The Chicago Feather Duster Company was established in 1875. It received a patent for cuff on December 22, 1906, and for the head on September 17, 1907.

South African ostrich feather dusters were developed in Johannesburg in 1903 by Harry S. Beckner, a missionary and broom factory manager. He felt that ostrich feathers made a convenient tool for cleaning machines at the factory. His first ostrich feather dusters were wound on broom handles using the same foot-powered kick winders and wire used to attach broom straw. 

The first ostrich feather duster company in the United States was formed in 1913 by brothers Harry and George Beckner in Athol, Massachusetts and is now run by George's great granddaughter, Margret Fish Rempher.
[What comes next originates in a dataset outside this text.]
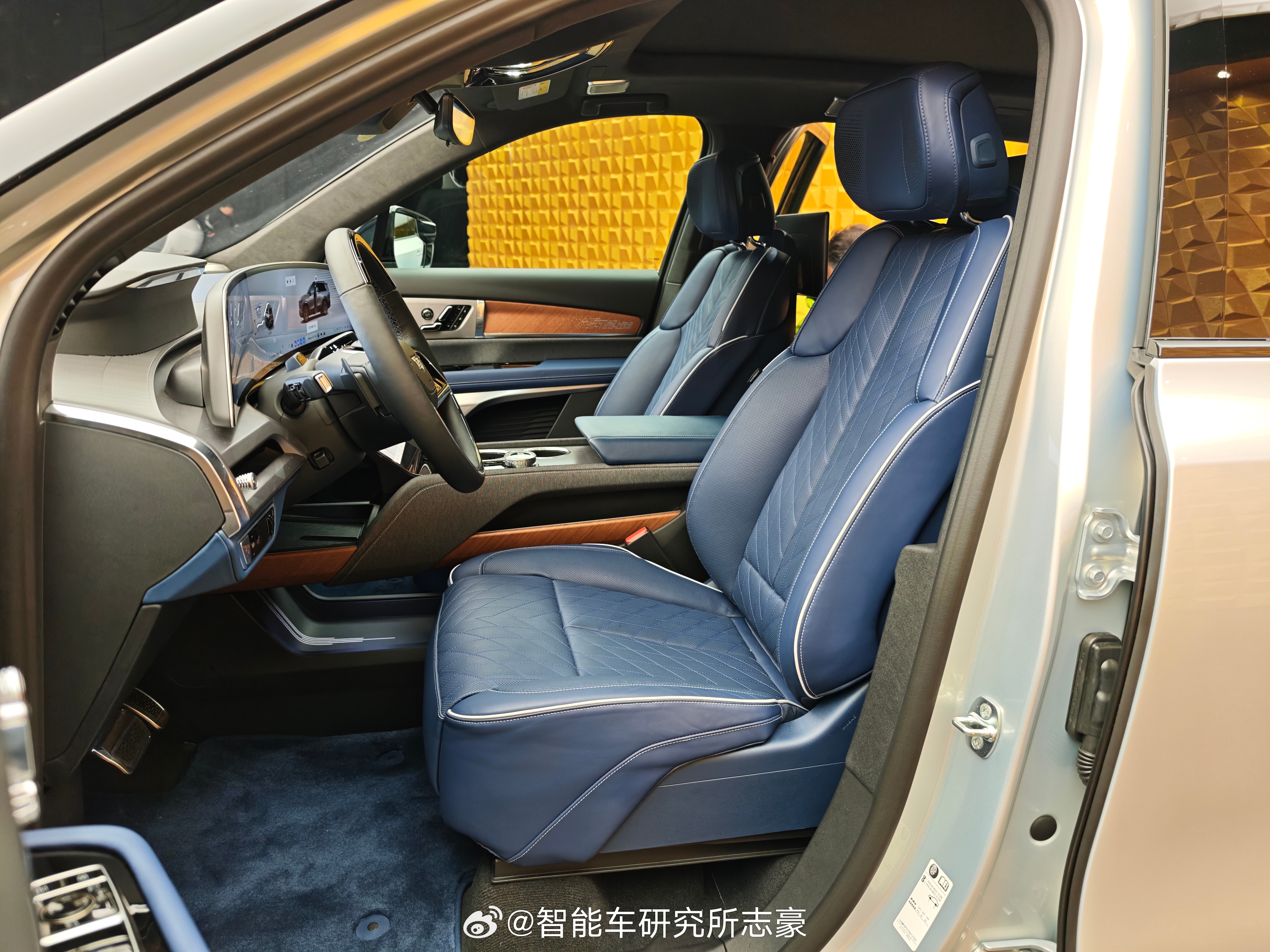 冷色深蓝高档真皮,银色金属饰板结合实木暖色的碰撞,搭配出来,光是设计用料,就很让人赏心悦目

The largest manufacturer of ostrich feather dusters is Klein Karoo International (Feathers) in Oudtshoorn, South Africa.

Types
There are several types of feathers used in feather dusters, but ostrich feathers are most often used.

Black ostrich feathers come from the male and are very soft with feathers that are more "stringy" in nature. Gray ostrich feathers are more stark than the black feathers and are often sold at grocery stores. Floss ostrich feathers are the most soft and delicate feathers and come from underneath the bird's wings. Floss ostrich feathers are more expensive. Chick feathers are more pointed and stark than ostrich feathers, are usually sold at very low prices.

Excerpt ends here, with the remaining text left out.